As putas não vi nenhuma por aqui, mas gringo tem de montão.

Apesar da colocação preconceituosa, acabei mesmo num flat em Ponta Negra. Tá certo que tudo por aqui custa três vezes mais caro do que em qualquer outro lugar do Rio Grande do Norte, afinal gringo paga em dólar e euro e o que custaria um real, imagine o leitor, passa a custar um dólar, um euro. Como um é sempre um e é barato em qualquer lugar, tanto faz cobrar um real como um euro. Só que para mim ou qualquer outro brasileirinho de outras terras por aqui, esse pequeno detalhe faz uma grande diferença.

Para fazer as unhas, por exemplo, aqui paguei doze reais pé e mão, em São Miguel – lá naquela terra de doidos – paguei somente cinco, no salão da Graça, que é uma gracinha de pessoa, do alto de seus metro e dez de altura, conseqüência dos inconseqüentes amores entre seus parentes antepassados, mas isso foi outra crônica... (leia Casa de Doido, abaixo).

Em Ponta Negra tudo é caro mesmo.

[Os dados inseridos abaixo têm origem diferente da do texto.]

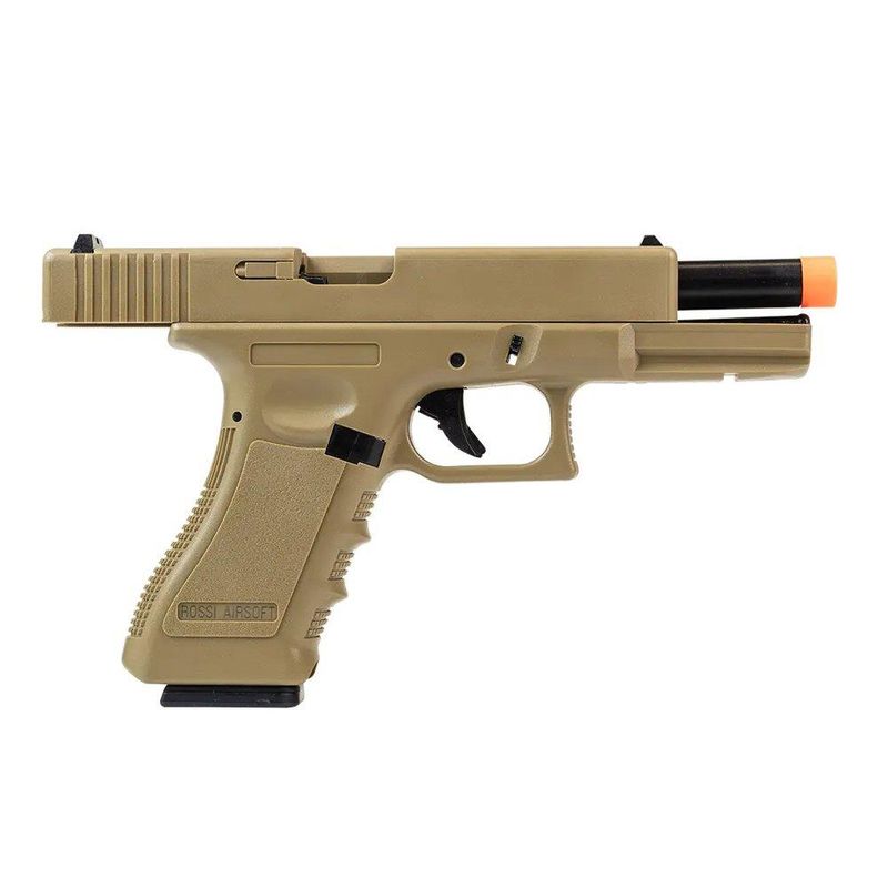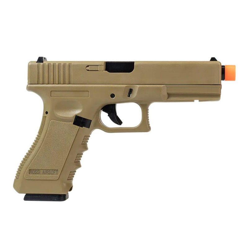Alto desempenho e blowback funcional, são as principais características da Pistola de AirsoftGreen Gas V17 Tan Blowback 6mm da Rossi, com velocidade de 290 FPS, magazine para 23 bbs e muito mais.

Paga-se por tudo por aqui e todo mundo dá um jeitinho de ganhar dinheiro alugando ou ensinando qualquer coisa. Aqui, o cidadão do mundo paga para aprender o surf de água e o de areia, nas dunas – menos a do Careca que está interditada, porque estava ficando cada vez mais careca com o desce-desce das pranchas, papelões ou o que mais eles usavam para escorregar naquele tobogã natural.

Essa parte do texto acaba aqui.